The right to disappear basically attempts to preserve an individual’s control over information on the internet about himself. There are multiple variations, but it might, for example, allow a user to remove an unsavory article about herself on Google, or it may allow her to erase potentially damaging photographs from Facebook.

In the context of the internet, however, can information actually disappear? Does information on the internet resemble a sheet of paper that can disintegrate forever in a fire, or a tiny piece of silver incapable of actual destruction? In the U.S., a recent FTC complaint against Snapchat provides an interesting angle to explore this issue.

In a sense, the company leveraged the massive support for this right to be forgotten when it devised its own application. Social media usually insinuates some sort of public sharing, but SnapChat twisted the concept to include a more discreet form of connecting. SnapChat mushroomed into one of the most popular phone applications due to the transient nature of activity on the platform. While users still connect via the internet, the communications on SnapChat are intended to evaporate within ten seconds. SnapChat is the reverse of Twitter, Facebook, Instagram, Pinterest, and most other social media sites, in that SnapChat communications leave no cyber footprint. The app seemed to offer a way to use social media while still preserving one’s right to disappear.

Unfortunately, SnapChats don’t actually disappear as easily as the company claimed, according to a recent Federal Trade Communication complaint asserting that SnapChat did not properly inform its users that their SnapChats may be permanently saved and stored by other users.

The FTC complaint highlights that on the SnapChat’s FAQ, the company misstated that snapchats will permanently delete. The FAQ reads:

Q: Is there any way to view an image after the time has expired?
A: No, snaps disappear after the timer runs out

The FTC notes that users can easily screenshot the snapchat to permanently save it. Additionally, the complaint explains how to circumvent Snapchat’s policy of informing the sender if the recipient screenshot the snapchat: if a user on an iPhone quickly hits the device’s home button after taking a screenshot, the SnapChat application will close before informing the sender that the image has been saved.
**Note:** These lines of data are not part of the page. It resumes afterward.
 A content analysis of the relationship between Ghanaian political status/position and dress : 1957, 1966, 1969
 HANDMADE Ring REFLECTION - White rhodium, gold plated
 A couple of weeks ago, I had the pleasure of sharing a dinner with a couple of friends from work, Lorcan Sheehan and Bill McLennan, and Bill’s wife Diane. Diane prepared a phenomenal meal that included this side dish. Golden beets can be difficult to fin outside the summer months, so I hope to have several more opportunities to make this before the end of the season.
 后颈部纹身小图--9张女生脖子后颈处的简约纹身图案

Thus, the FTC hammered down on SnapChat for its overly hyperbolic claim that users cannot save snapchats.

Importantly, this ruling highlights something crucial about the internet: it may prove impossible for information passed via the internet to ever truly disappear. Moreover, companies might face penalty if they claim to offer such a service.
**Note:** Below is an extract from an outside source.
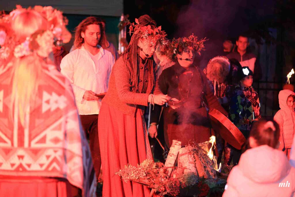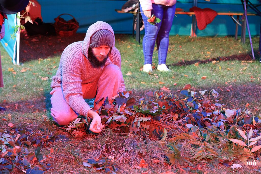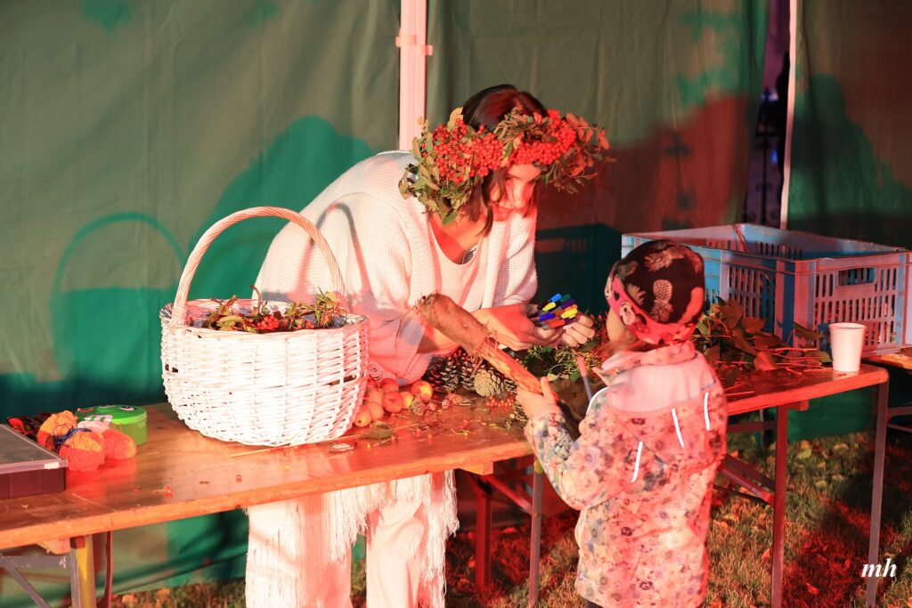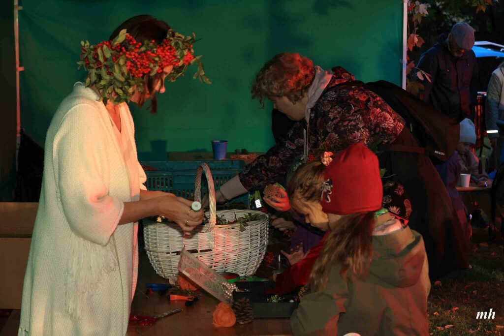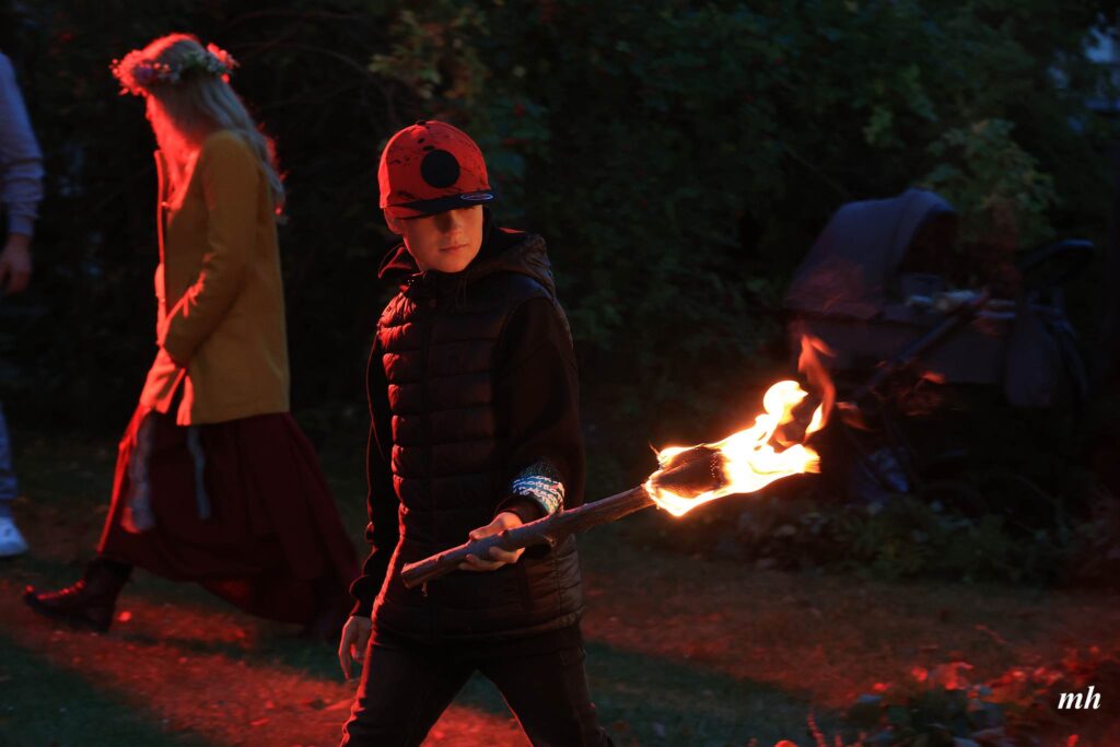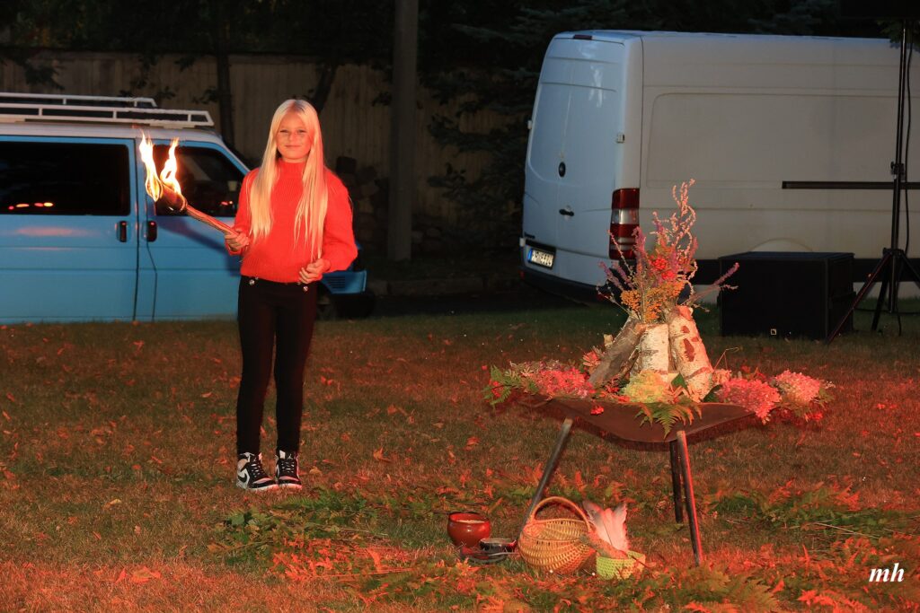 Vakara gaitā varēja darināt lāpas,vīt augu viju, uzzināt ugunsrituāla norises pamatprincipus, kopīgi kurt guni un svinēt Rudens saulgriežus. Dziedāt spēka dziesmas, iemācīties un kopā dejot latvju dančus, un baudīt uguns performanci.

What does this mean for the practicality of a right to disappear? Suppose, for example, that Google takes legitimate steps to remove information about a European citizen after he invokes his European right to disappear. The efficacy of Google’s actions depends on the objective nature of information on the Internet. Does information on the internet resemble a piece of silver or a piece of paper? One will incinerate in a fire, the other will not. What if Google does what it can to bury the information – the piece of silver — but it resurfaces? Can a user sue Google?

In the age of the internet, do we actually have a right to disappear? Or, should we more accurately label it a right to hide a bit better, because all we can legitimately do is frustrate efforts to find the information that will always exist somewhere?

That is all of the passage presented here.